Fast forward. A beautiful baby girl. A wonder of all wonders. No complications (thank God). But still dealing with potentially a child who would suffer from Muscular Dystrophy. Did you know that there are more than 100 forms of Muscular Dystrophy that are passed on too different sexes by different genes of the father. Did you know there are no early signs of Muscular Dystrophy. Did you know there are no cures for MD? Watching that baby develop over the first year of her life. Looking for any sign that she wasn’t developing properly. Taking her to the MD foundation in Cincinnati for testing, only to find out that we would have to bring her again when she started walking. Looking for muscles in her legs to develop. Analyzing this baby every day of her life and while trying to enjoy the joy’s that babies bring, (you know the first sounds, the first tooth, the first step), all the while, also worrying that all the love that we can give her wouldn’t be enough if she were to be stricken with the disease.
Fast forward. Did I mention that the father was a drug “lord” from Mexico. So, trying to protect this precious little being from that life. Being threatened that she would be “stolen” from us and taken to Mexico to be raised. And right now he lives less than 5 miles from my house. Thank God at this point, he has never laid eyes on her. But I live in that fear everyday of my life. Every time I walk into a store to do something as insignificant as buy a gallon of milk–I have to scan the aisles as I enter them and be prepared to exit if I spot him (and I have before).
I am not a strong person…but that experience…this experience is giving me strength. I had to make decisions that I should never have had to make in an effort to save my daughter and granddaugher. I still make those decisions on a daily basis.
Thankfully, Ashley is now a junior in college and drug free. Amberlee is 3 years old with no sign of the disease. But I still live in some fear of the father who wants to “take” her.
And guess what…I am blessed, everything happens for a reason. That little 3 year old girl has taught me more in her 3 years than many people learn in a lifetime.
Don’t presume that I have no idea about those type of “disguised” blessings.
Don’t presume that I think that Phillip is anything but a blessing to you. Because I think I understand. My trials aren’t nearly as yours are from day to day, but they are trials. I had to deal with them alone. No husband to help share the load.
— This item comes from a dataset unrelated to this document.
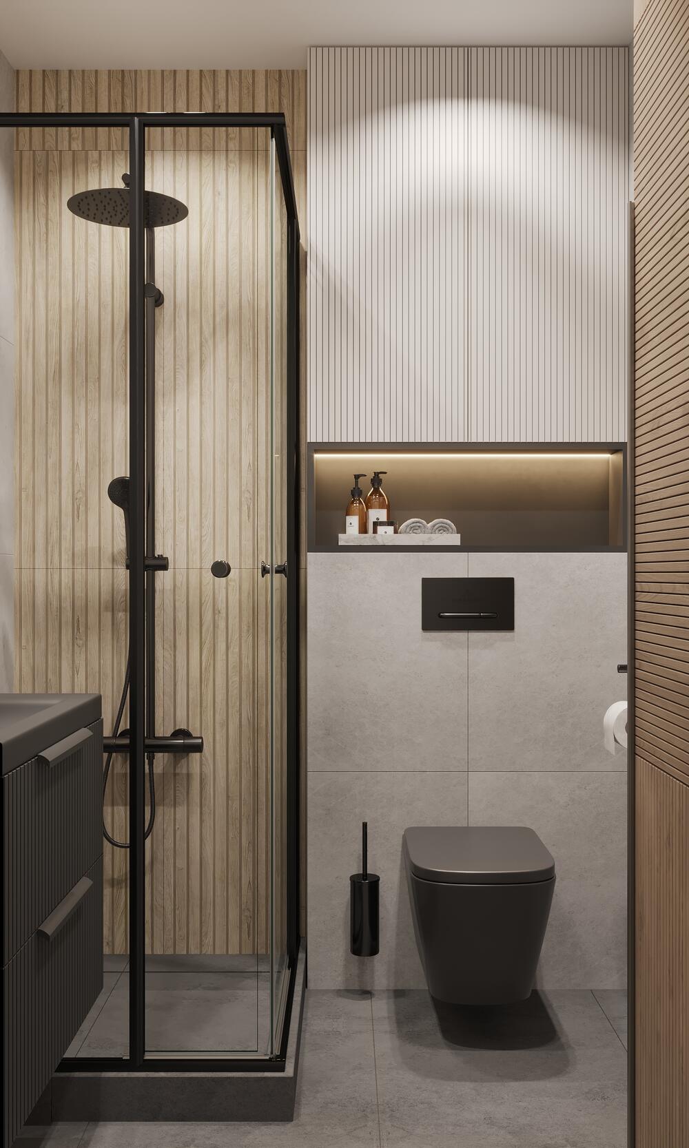 В санузле разместились душевая зона с высоким черным смесителем и стеклянной перегородкой, подвесная тумба с раковиной и шкаф для хранения. Над унитазом сделали аккуратную нишу с подсветкой — в ней удобно держать косметику и полотенца.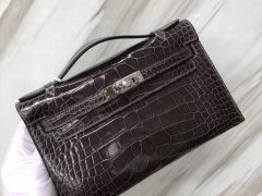 鱷魚皮愛馬仕包包價格 Hermes MiniKelly Pochette壹代22cm CK88石墨灰 Graphite 亮面方塊 美洲鱷魚 Shiny alligator crocodile 銀扣金屬 全手工蜜蠟線縫制

As this “thread” of fire spreads across the blogs and the not so friendly low carb friends…I will look like a bitch that was “attacking” Phillip. When in fact, I was not. I was speaking towards your actions of constantly using whatever comment may or may not have been said (remember, I’ve never seen them for myself) to stay victimized by it. That is what I was saying.
We all have our stories that could/can make us victims of those who have hurt us. I did what I could do to make you feel better. I apologized (sincerely), but that was never noted. When I said that no mother should ever have to hear those things…I meant it.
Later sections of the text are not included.